» **Data excerpt**:

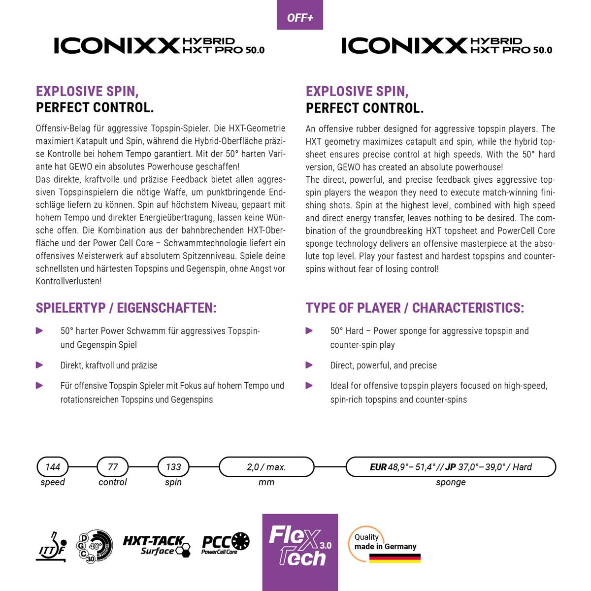 GEWO Belag Iconixx Hybrid HXT Pro 50 - Explosiver Spin, perfekte Kontrolle.
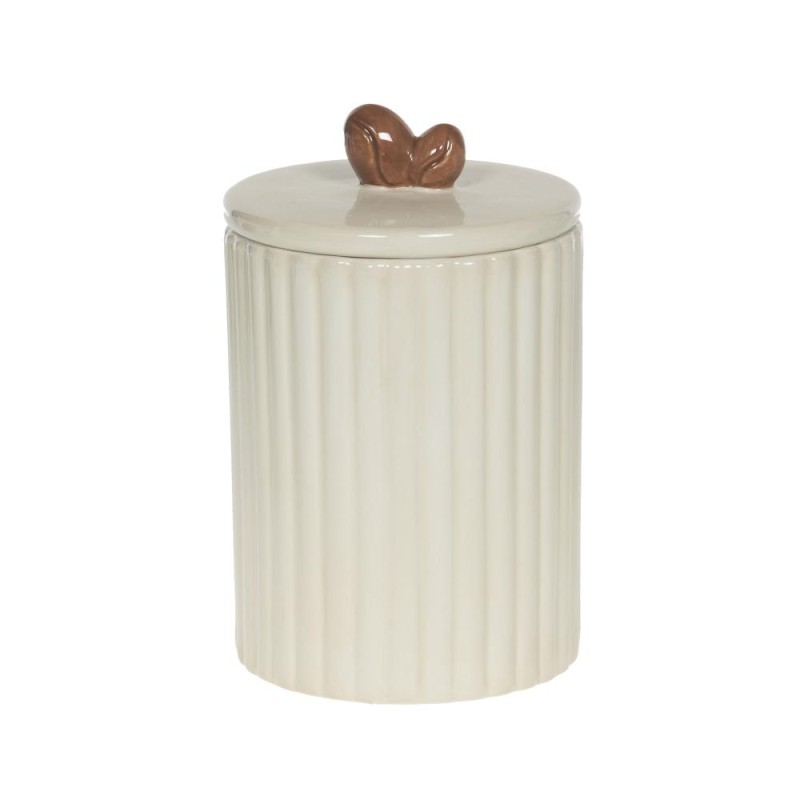 Apportez une touche douce et raffinée à votre cuisine avec cette boîte petit-déjeuner en céramique au design élégant. Son corps cannelé couleur crème, à la fois sobre et intemporel, est sublimé par un couvercle délicatement orné d’une poignée en forme de grain de café, apportant une note chaleureuse et originale. Pensée pour allier esthétisme et praticité, elle permet de conserver café, sucre ou biscuits à l’abri de l’humidité tout en décorant avec subtilité votre espace. Compacte et facile à intégrer, elle trouve naturellement sa place sur un plan de travail, une étagère ou dans un coin café, pour une ambiance conviviale et harmonieuse. Un indispensable du quotidien qui marie avec finesse fonctionnalité et charme décoratif.
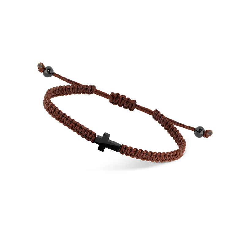 Bracelet MYSTERES shamballa marron et croix en acier PVD noir
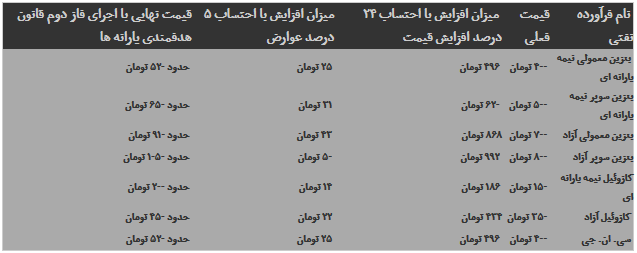 جدول برآوردی افزایش قیمت بنزین، گازوئیل و سی. ان. جی در فاز دوم هدفمندی براساس اظهارات شریعتمداری و طیب نیا

» **Directions for this task**:
Transcribe everything above exactly. Do not include the pictures.

» **Your solution**:
 GEWO Belag Iconixx Hybrid HXT Pro 50 - Explosiver Spin, perfekte Kontrolle.
 Apportez une touche douce et raffinée à votre cuisine avec cette boîte petit-déjeuner en céramique au design élégant. Son corps cannelé couleur crème, à la fois sobre et intemporel, est sublimé par un couvercle délicatement orné d’une poignée en forme de grain de café, apportant une note chaleureuse et originale. Pensée pour allier esthétisme et praticité, elle permet de conserver café, sucre ou biscuits à l’abri de l’humidité tout en décorant avec subtilité votre espace. Compacte et facile à intégrer, elle trouve naturellement sa place sur un plan de travail, une étagère ou dans un coin café, pour une ambiance conviviale et harmonieuse. Un indispensable du quotidien qui marie avec finesse fonctionnalité et charme décoratif.
 Bracelet MYSTERES shamballa marron et croix en acier PVD noir
 جدول برآوردی افزایش قیمت بنزین، گازوئیل و سی. ان. جی در فاز دوم هدفمندی براساس اظهارات شریعتمداری و طیب نیا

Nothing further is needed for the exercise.